[[ Records supplied open ]]

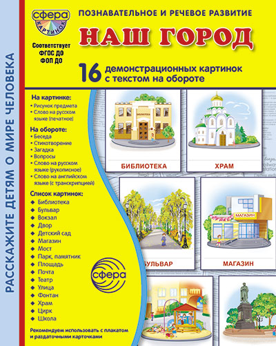 Дем. картинки СУПЕР Наш город. 16 демонстрационных картинок с текстом на обороте (учебно-методическое пособие с комплектом демонстрационного материала 173х220 мм, познавательное и речевое развитие)
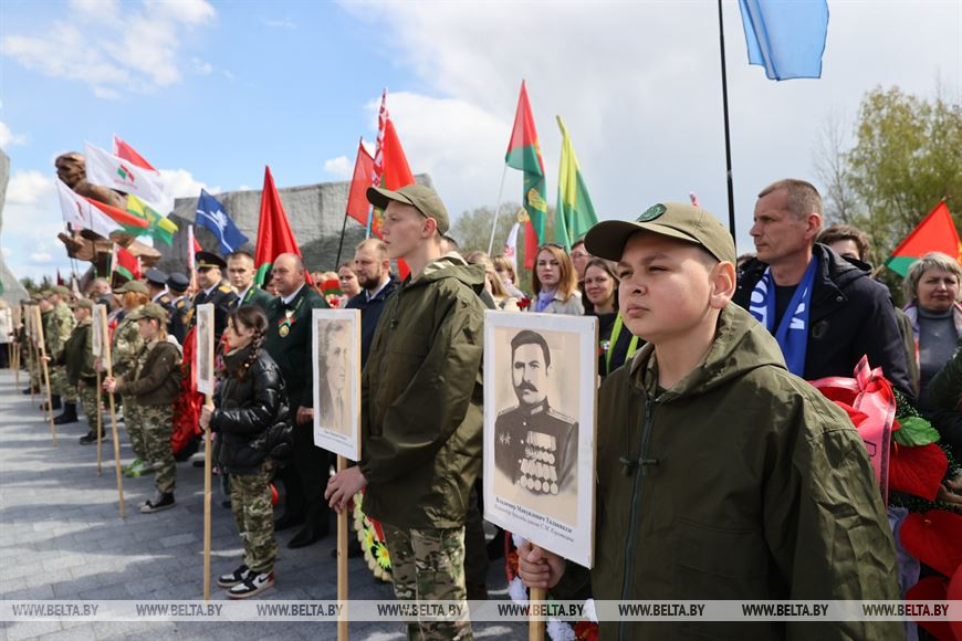 Отдать дань уважения и памяти подвигу советского народа, воинам, которые приближали Победу в Великой Отечественной войне, отстояли свободу и независимость нашей Родины ценой своей жизни, собрались около 2 тыс. человек. Здесь руководство области, делегации районов и городов северного региона, представители трудовых коллективов, общественных организаций, предприятий, молодежь и школьники. Эмоции в этот праздник - гордость, боль и радость за Победу, отметил председатель облисполкома Александр Субботин.
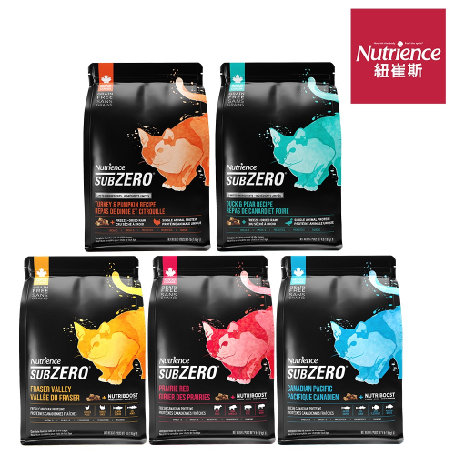 去骨雞肉、去骨火雞、雞肉茸、火雞茸、雞肝、火雞肝、豌豆、豌豆蛋白、雞脂(用混合生育酚和檸檬酸保存)、天然香料、苜蓿粉、鮭魚、鱈魚、雞肉凍乾、魚油、豌豆纖維、氯化膽鹼、食鹽、牛磺酸、菊粉、氯化鉀、蛋白鋅、DL-蛋氨酸、紅薯凍乾、南瓜凍乾、綠唇貽貝凍乾、鱈魚肝凍乾、海帶凍乾、蘋果、藍莓、紅蘿蔔、蔓越莓、生薑、南瓜、維生素E補充劑、蛋白鐵、L-抗壞血酸-2-多磷酸鹽、菸鹼酸補充劑、嗜酸乳桿菌、乾酪乳桿菌、腸球菌、雙歧桿菌、絲蘭萃取物、D-泛酸鈣、蛋白錳、葵花籽油、核黃素補充劑、維生素A補充劑、蛋白銅、單硝酸硫胺素、維生素B12補充劑、甲萘醌複合亞硫酸氫鈉、鹽酸吡哆醇、生物素、菜籽油、亞硒酸鈉、維生素D3補充劑、葉酸、碘酸鈣、迷迭香萃取物
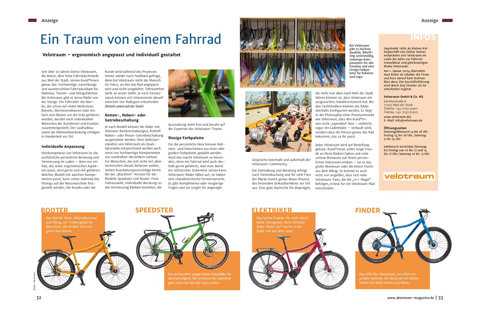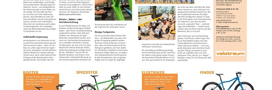 Außerdem haben wir auf den Seiten 32-33 ein Velotraum-Firmenporträt platziert, das unsere Philosophie und unser Sortiment prägnant zusammenfasst.
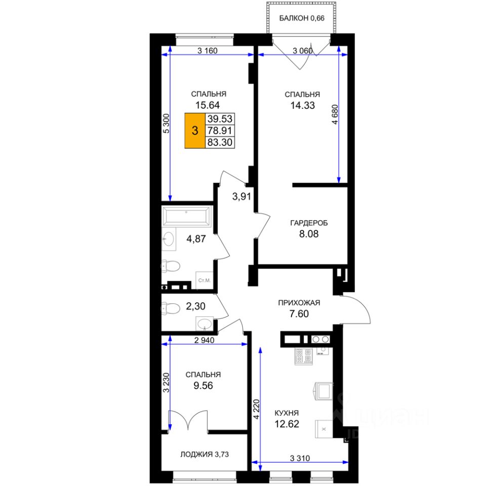 продам 3-к, Героя России Катериничева, 2 корп. 117 529 120 ₽
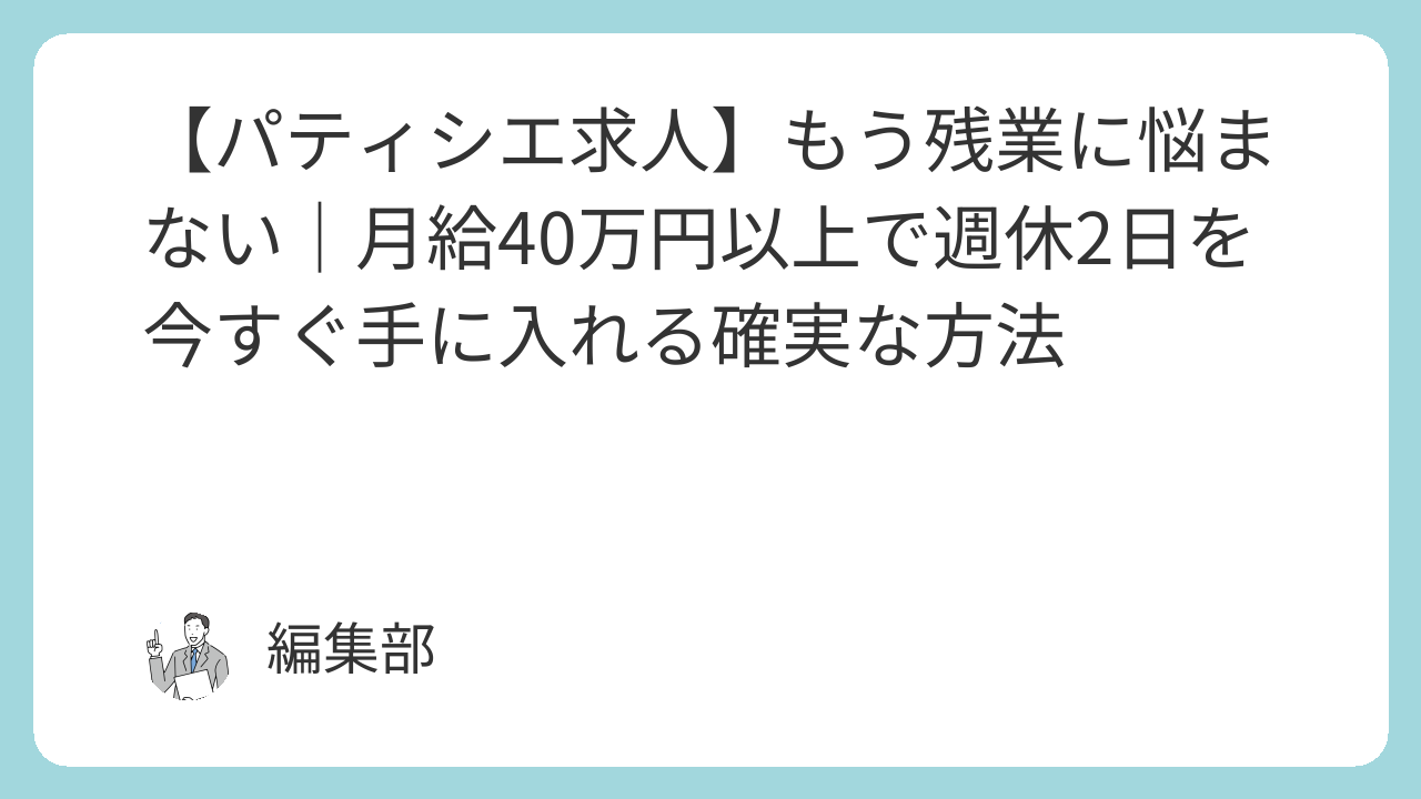 月給40万円を手に入れ、週休2日でプライベートも充実させる、そんなパティシエとしての人生を。

[[ Records supplied closed ]]

Exercise brief:
Extract exactly the lines above from the line containing "продам 3-к, Героя" through the last one, both ends included, but not the pictures.

Exercise solution:
 продам 3-к, Героя России Катериничева, 2 корп. 117 529 120 ₽
 月給40万円を手に入れ、週休2日でプライベートも充実させる、そんなパティシエとしての人生を。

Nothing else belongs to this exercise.